Cooperativismo de saúde acompanha implementação da Reforma Tributária
24/06/2026
A regulamentação da Reforma Tributária abriu uma nova etapa de atuação para o cooperativismo de saúde. Após a aprovação da Emenda Constitucional 132/2023, que reconheceu a necessidade de adequado tratamento tributário ao ato cooperativo no novo sistema, o setor agora acompanha a implementação prática das regras do Imposto sobre Bens e Serviços (IBS) e da Contribuição sobre Bens e Serviços (CBS). O foco está em garantir que os dispositivos previstos na Lei Complementar 214/2025 preservem as especificidades do modelo cooperativo, evitem aumento de custos e assegurem um ambiente mais simples, competitivo e favorável à ampliação dos serviços de saúde no país.
Para o Sistema OCB, a simplificação do sistema tributário pode representar uma oportunidade ímpar para o crescimento do setor, especialmente em regiões do interior onde cooperativas médicas muitas vezes são responsáveis pela principal rede organizada de atendimento privado. Tania Zanella, presidente executiva do Sistema OCB, lembra que as novas regras prometem estimular investimentos, ampliar a capacidade operacional das cooperativas e fortalecer a geração de empregos. “Para o cooperativismo, reduzir burocracias e dar previsibilidade ao ambiente regulatório é fundamental para permitir que o setor continue expandindo sua presença pelo país”, destaca.

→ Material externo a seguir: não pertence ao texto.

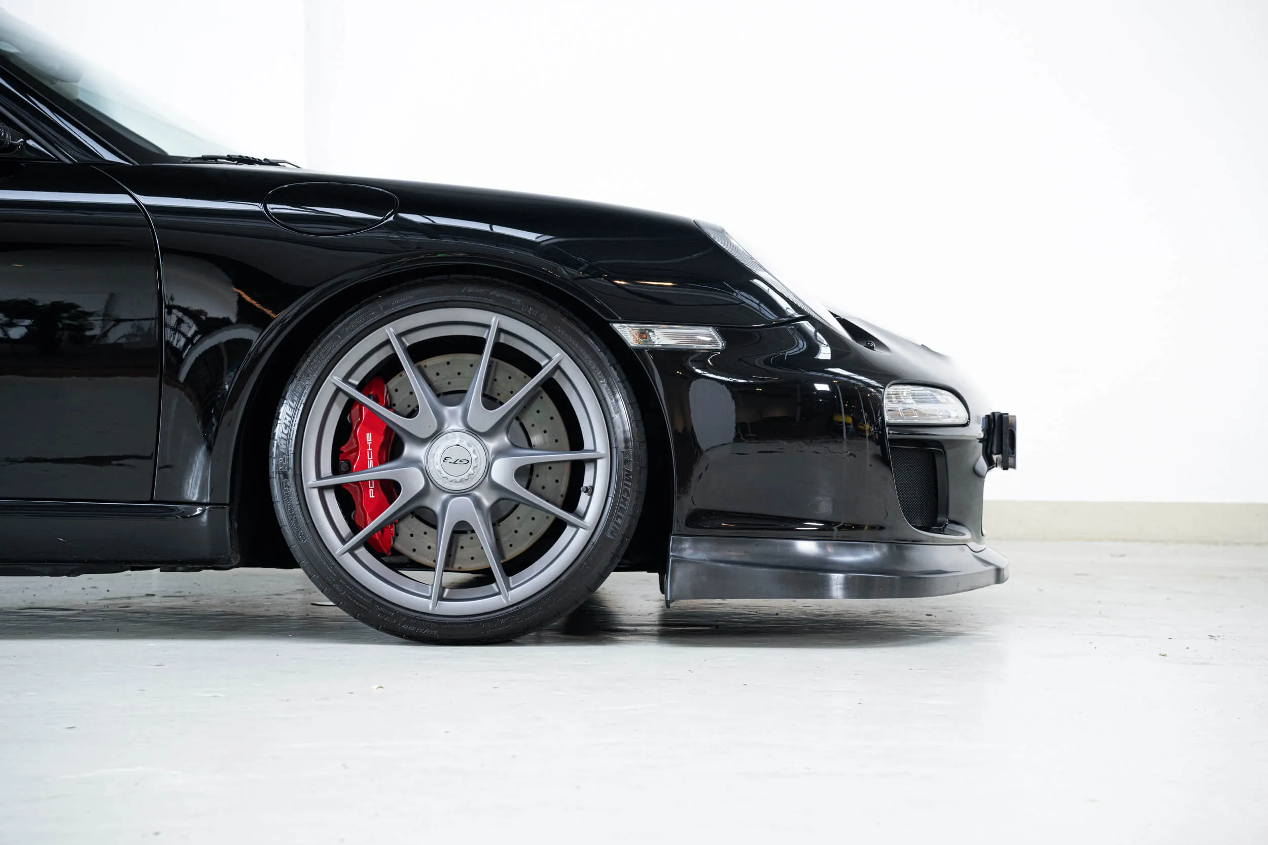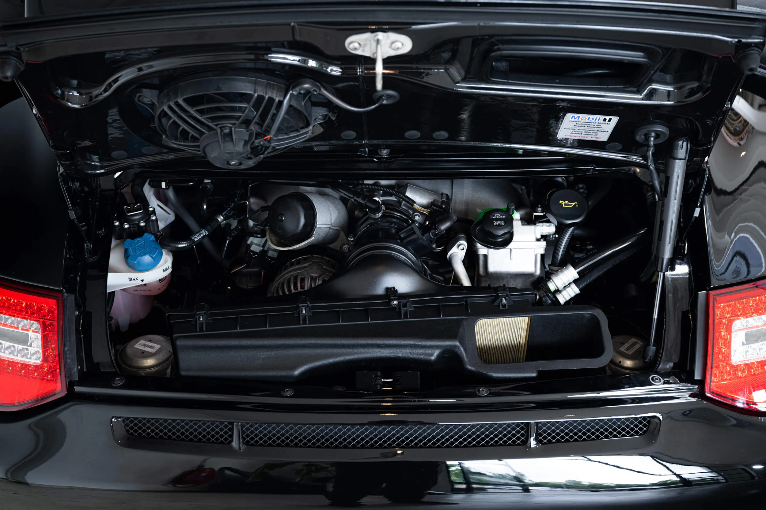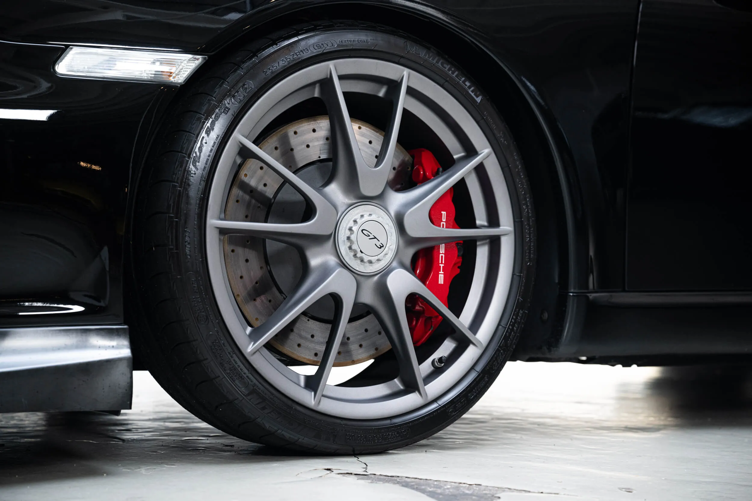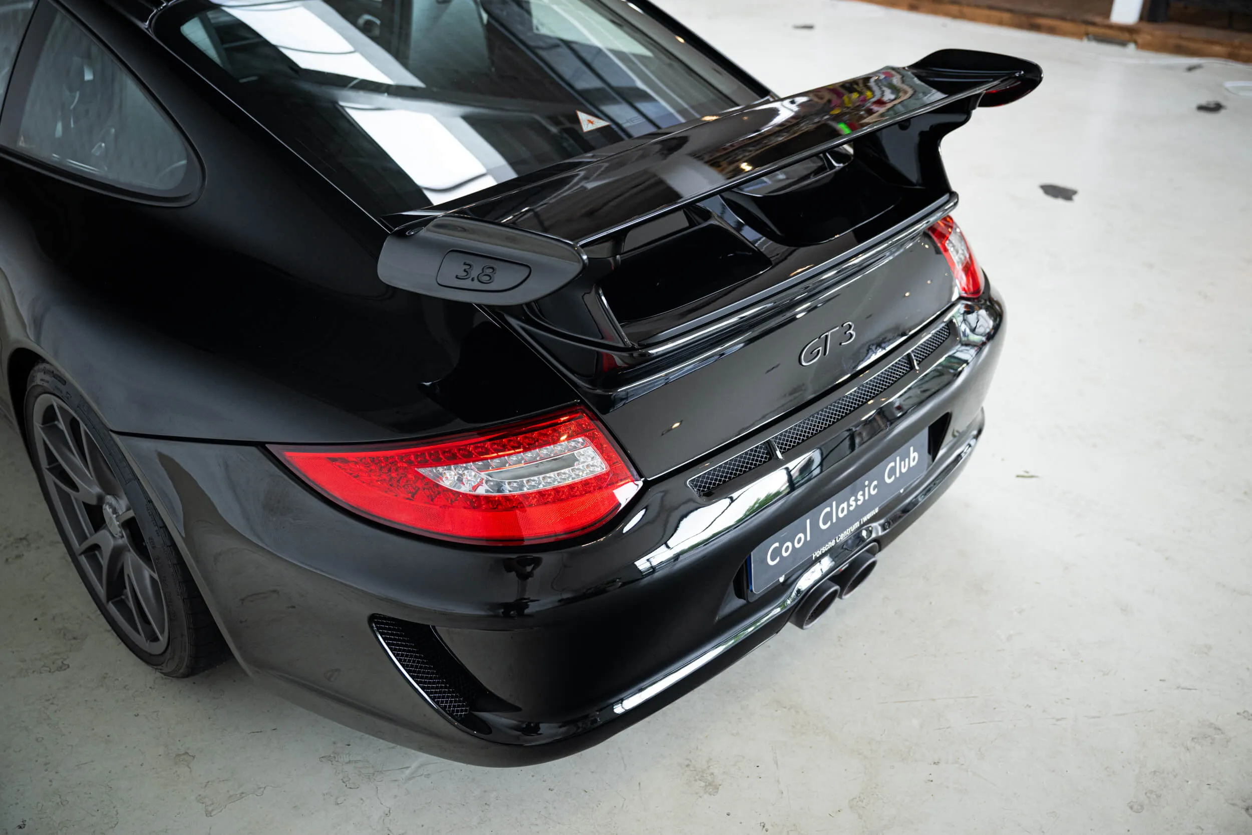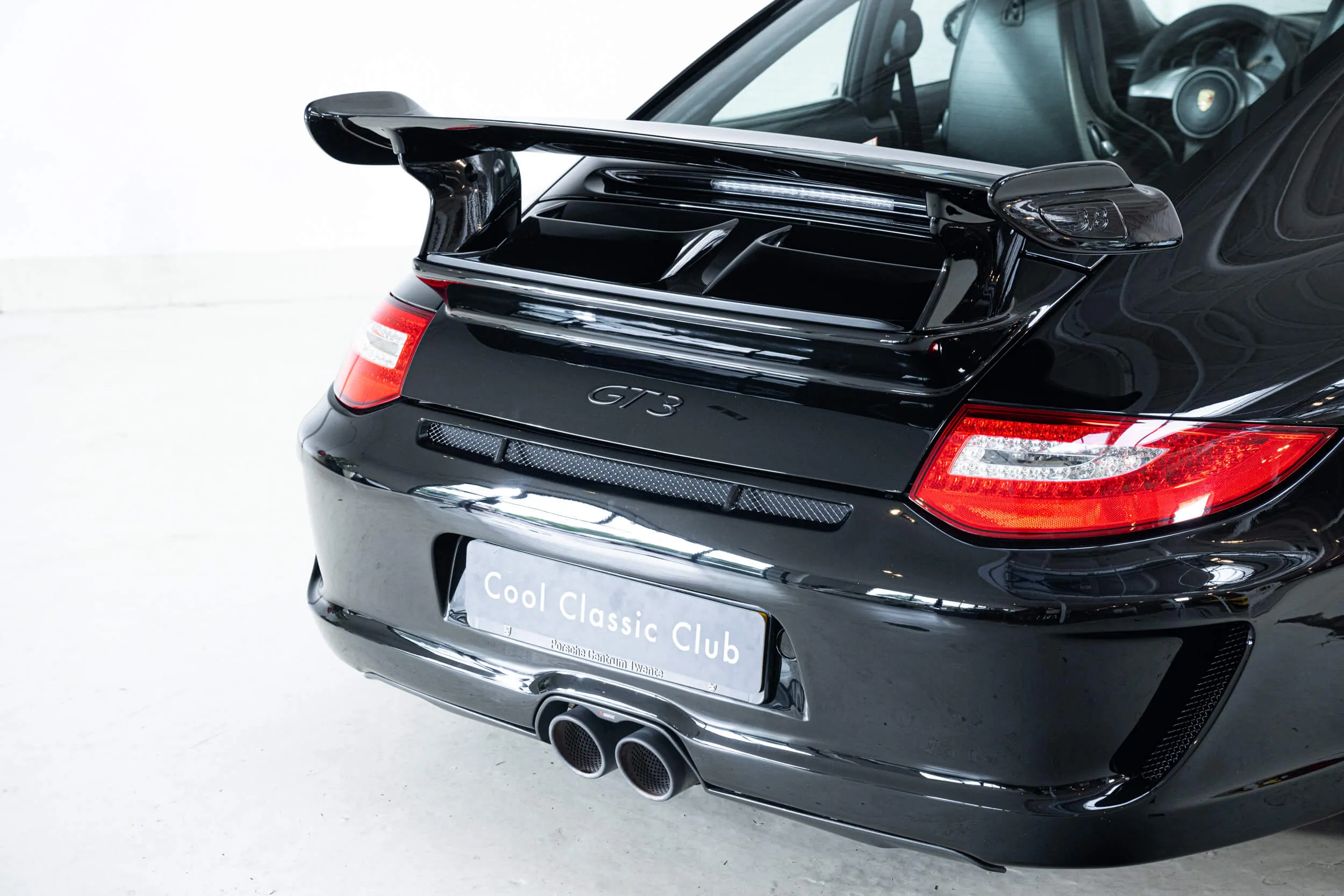 The front already reveals that this is no "ordinary" 911 . As soon as you walk alongside, the nicely shaped ironing board on the back already gives things away. No Roderick, that's not a tie-down strap for the golf bag. That is downforce, something you really need with this machine! The 3.8 boxer received an additional 15 HP after the facelift, bringing the total up to 450 lapping horses from the Stuttgart stable.

Ainda segundo ela, os textos aprovados no Congresso Nacional exigiram muito diálogo e articulação para garantir que o modelo cooperativo pudesse manter sua dinâmica própria, centrada nas pessoas e na atuação coletiva. “Conseguimos demonstrar a relevância econômica e social do movimento, o que contribuiu para garantirmos a manutenção da competitividade e da segurança jurídica para nossas cooperativas”, acrescenta.

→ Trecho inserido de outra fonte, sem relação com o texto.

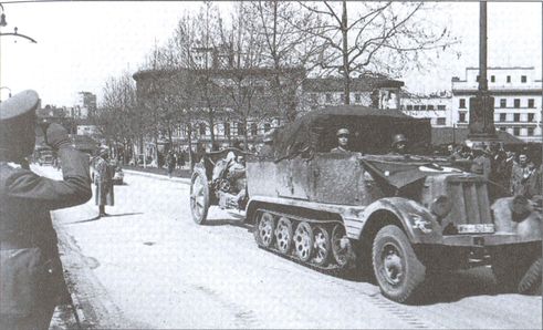 Генерал-полковник фон Клейст принимает парад своих войск в Белграде. Идет техника 119-го моторизованного полка 11-й танковой дивизии. Апрель 1941 года (АВЛ)
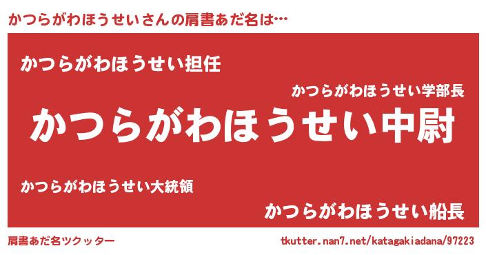 | 男性向けラノベタイトル風あだ名 | 『カツラガワホウセイスレイヤー』 |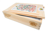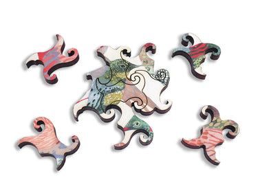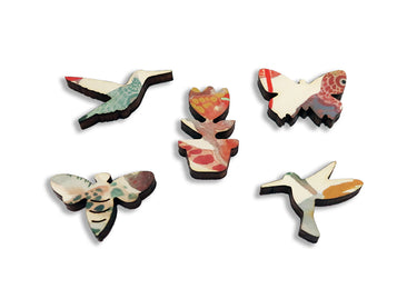 This is a 287 piece wooden jigsaw puzzle of "Hummingbirds" by Michelle Morin. The charm of hummingbirds in the art are matched, in a puzzle design by Jef Bambas, with split tendril connectors and lively whimsies. The split tendril connectors and diverse coloration make this puzzle really hard for its size. Like all our puzzles, made with 1/4" thick wood and the pieces are laser-cut. Packaged in our standard pine wood box. Made in USA.

Hoje, o cooperativismo de saúde reúne a maior estrutura privada de atendimento do país. Dados do Sistema Unimed mostram que o modelo está presente em 92% do território nacional, por meio de 336 cooperativas médicas, com 115 mil médicos cooperados e aproximadamente 20 milhões de beneficiários. A rede inclui ainda mais de 170 hospitais próprios, além de milhares de hospitais, clínicas e serviços credenciados.
Já o Anuário do Cooperativismo Brasileiro 2025 aponta que o Ramo Saúde reúne cerca de 699 cooperativas no país, com mais de 270 mil cooperados e aproximadamente 150 mil empregos diretos, o que consolida o segmento como um dos principais motores de geração de renda e assistência médica fora dos grandes centros urbanos.
Segurança Jurídica
O deputado federal Vitor Lippi (SP), integrante da Frente Parlamentar do Cooperativismo (Frencoop), afirma que o novo modelo tributário pode consolidar um ambiente mais moderno e eficiente para o segmento, desde que preserve o tratamento diferenciado previsto para as cooperativas. “As cooperativas cumprem uma função econômica e social extremamente importante. Em muitos municípios, são elas que garantem atendimento médico, movimentam a economia local e geram oportunidades de trabalho”, afirma.
Lippi participou das negociações que resultaram na inclusão de dispositivos voltados ao cooperativismo no texto da Reforma Tributária e defende que a regulamentação avance na consolidação dessas garantias. O deputado também argumenta que “a simplificação tributária tende a reduzir insegurança jurídica e facilitar novos investimentos em tecnologia, infraestrutura e expansão dos serviços médicos.”
Tania Zanella reforça que o fortalecimento do cooperativismo de saúde possui impacto direto sobre o mercado de trabalho. Segundo ela, além da geração de empregos formais, o setor movimenta cadeias econômicas ligadas à saúde suplementar, hospitais, clínicas, laboratórios e prestação de serviços especializados. “A expectativa é que a regulamentação definitiva da reforma contribua para ampliar investimentos, fortalecer o ambiente de negócios e estimular a expansão das cooperativas em áreas ainda desassistidas do Brasil,” conclui a presidente.